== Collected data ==
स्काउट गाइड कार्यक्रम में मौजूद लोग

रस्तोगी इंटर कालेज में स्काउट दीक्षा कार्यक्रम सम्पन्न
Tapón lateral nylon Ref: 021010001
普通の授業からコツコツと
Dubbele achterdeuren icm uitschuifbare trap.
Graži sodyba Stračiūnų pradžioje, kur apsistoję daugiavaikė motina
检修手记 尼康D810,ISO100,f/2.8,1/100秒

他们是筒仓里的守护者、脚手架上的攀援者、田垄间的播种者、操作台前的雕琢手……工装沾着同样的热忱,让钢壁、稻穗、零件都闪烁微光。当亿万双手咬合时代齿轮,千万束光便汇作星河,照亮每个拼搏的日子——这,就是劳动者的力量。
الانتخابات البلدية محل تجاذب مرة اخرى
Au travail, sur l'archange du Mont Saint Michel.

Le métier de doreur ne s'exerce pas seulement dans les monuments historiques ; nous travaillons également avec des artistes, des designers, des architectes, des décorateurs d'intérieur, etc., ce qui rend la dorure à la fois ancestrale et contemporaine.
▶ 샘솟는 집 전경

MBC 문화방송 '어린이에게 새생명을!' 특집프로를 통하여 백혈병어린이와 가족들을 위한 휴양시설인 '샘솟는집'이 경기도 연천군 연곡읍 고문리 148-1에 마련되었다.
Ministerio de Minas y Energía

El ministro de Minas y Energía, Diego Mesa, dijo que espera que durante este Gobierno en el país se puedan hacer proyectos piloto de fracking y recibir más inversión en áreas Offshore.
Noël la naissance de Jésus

==

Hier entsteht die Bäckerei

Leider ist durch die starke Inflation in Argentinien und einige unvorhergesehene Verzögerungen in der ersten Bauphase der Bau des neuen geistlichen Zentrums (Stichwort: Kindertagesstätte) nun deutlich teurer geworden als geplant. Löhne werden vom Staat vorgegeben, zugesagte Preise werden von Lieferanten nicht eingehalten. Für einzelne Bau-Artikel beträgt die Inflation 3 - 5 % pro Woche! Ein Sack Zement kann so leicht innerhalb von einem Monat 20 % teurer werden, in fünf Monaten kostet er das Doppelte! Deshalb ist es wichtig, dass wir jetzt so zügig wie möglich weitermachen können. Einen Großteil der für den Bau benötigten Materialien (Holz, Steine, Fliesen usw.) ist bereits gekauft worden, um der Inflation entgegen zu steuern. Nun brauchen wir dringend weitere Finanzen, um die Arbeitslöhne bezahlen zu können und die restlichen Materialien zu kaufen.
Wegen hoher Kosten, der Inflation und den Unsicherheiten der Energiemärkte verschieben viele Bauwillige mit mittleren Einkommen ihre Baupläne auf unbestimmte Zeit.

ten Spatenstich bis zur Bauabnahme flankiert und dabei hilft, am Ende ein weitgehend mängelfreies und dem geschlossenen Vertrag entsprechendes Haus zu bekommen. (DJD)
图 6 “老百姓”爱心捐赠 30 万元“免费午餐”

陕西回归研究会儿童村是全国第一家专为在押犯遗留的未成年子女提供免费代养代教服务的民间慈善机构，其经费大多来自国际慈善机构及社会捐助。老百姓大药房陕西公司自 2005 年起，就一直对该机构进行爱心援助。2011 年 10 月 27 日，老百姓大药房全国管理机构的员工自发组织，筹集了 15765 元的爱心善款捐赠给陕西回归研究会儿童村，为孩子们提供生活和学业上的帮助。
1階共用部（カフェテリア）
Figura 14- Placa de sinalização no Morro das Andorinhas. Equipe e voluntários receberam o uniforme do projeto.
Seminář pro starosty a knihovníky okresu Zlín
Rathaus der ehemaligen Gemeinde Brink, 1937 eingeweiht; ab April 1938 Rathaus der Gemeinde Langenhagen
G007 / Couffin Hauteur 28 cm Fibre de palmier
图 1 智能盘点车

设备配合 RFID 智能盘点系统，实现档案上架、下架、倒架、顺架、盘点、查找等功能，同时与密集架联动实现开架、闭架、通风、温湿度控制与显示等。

== HOW TO COMPLETE THIS TASK ==
Return only the lines between the one holding "2005 年起，就一直对该机构进行爱心援助。2011 年" and the one holding "Seminář pro starosty a knihovníky okresu Zlín", inclusive, exactly as they appear above.

== SOLUTION TO THIS PROBLEM ==
陕西回归研究会儿童村是全国第一家专为在押犯遗留的未成年子女提供免费代养代教服务的民间慈善机构，其经费大多来自国际慈善机构及社会捐助。老百姓大药房陕西公司自 2005 年起，就一直对该机构进行爱心援助。2011 年 10 月 27 日，老百姓大药房全国管理机构的员工自发组织，筹集了 15765 元的爱心善款捐赠给陕西回归研究会儿童村，为孩子们提供生活和学业上的帮助。
1階共用部（カフェテリア）
Figura 14- Placa de sinalização no Morro das Andorinhas. Equipe e voluntários receberam o uniforme do projeto.
Seminář pro starosty a knihovníky okresu Zlín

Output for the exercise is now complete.